© Times-Herald photo by Lisa Goudy
A snow plow works away on 11th Avenue Northwest before turning around to continue plowing Caribou Street West this week.
The winter storm warning issued by Environment Canada ended for Moose Jaw and area Friday just after 9 a.m., but the damage was already done.
“The city received around 20 to 25 centimetres of snow last night,” Moose Jaw Public Works Manager Duane Grado told the Times-Herald. “Anything at 20 cm and above makes us declare our emergency snow plan.”
He said Friday and today would entail getting as many of the blocked city streets cleared as possible.
“We have many places that are blocked with three foot snow drifts,” Grado said. “We’ll be back out starting at 10 p.m.
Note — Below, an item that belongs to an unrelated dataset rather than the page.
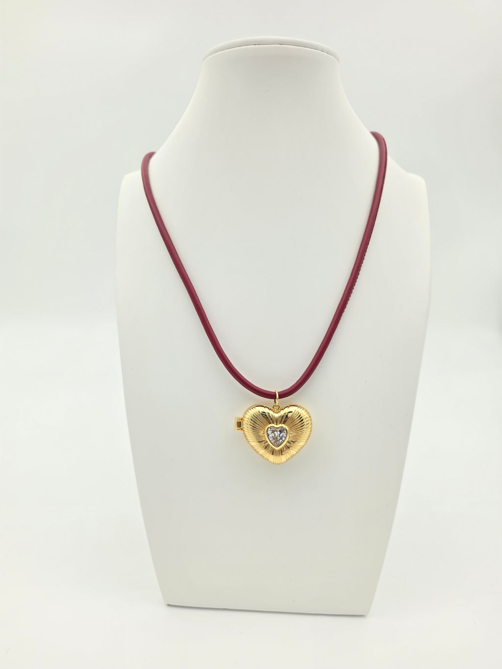 MAROON ADJUSTABLE BAGUETTE CORD NECKLACE WITH GOLD HEART LOCKET ✦ NC-SJ2011

Sunday and again Monday morning at 7:30 a.m.”
He estimates the city should be in good shape by Thursday.
By Friday morning, many Moose Javians were left stuck in their tracks, with vehicles lining the sides of the roads.
“We’re probably at about a three to four hour wait time right now,” Walker’s Towing Service dispatcher Marilyn Carter said about the volume of calls they received by late Friday morning. “Our taxis are behind too, because their getting stuck too.”
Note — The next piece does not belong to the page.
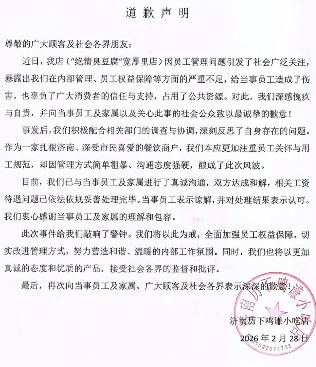 2月28日,濟南市歷下區人力資源和社會保障局維權服務一部負責人接受采訪稱,該單位約談涉事商家,向員工家屬核實,就工資發放、加班費核算、辭退手續等問題進行調查,雙方簽署協議達成和解。當日,涉事商家通過社媒賬號發布道歉聲明,向當事員工及家屬、關心此事的社會公眾道歉,相關的工資待遇問題已得到妥善處理。聲明稱,因管理方式簡單粗暴、溝通態度強硬,造成了本次風波。李女士則通過社媒賬號發布聲明稱,父親與涉事店面解除勞動關系,向北京韓紅愛心慈善基金會捐贈部分賠款29061.5元。

RCMP Moose Jaw detachment had a busy Thursday night on the highways. “Lots of people in the ditch,” was Sgt. Dean Bohlken’s first reply when asked about the night’s activities. “But, we did come through it relatively unscathed. You could tell more people were paying attention to weather reports after Tuesday.”
Tuesday's blowing and drifting snow caused icy highways that results in three fatalities in southern Saskatchewan.
He said Highway 2 north and south of Moose Jaw saw the most stranded drivers, and recommends drivers follow weather reports and slow down when visibility and high winds are a factor.
According to Prairie South School Division and Holy Trinity Catholic School Division, all bus routes were cancelled Friday, but all schools were open for those students who could arrive safely.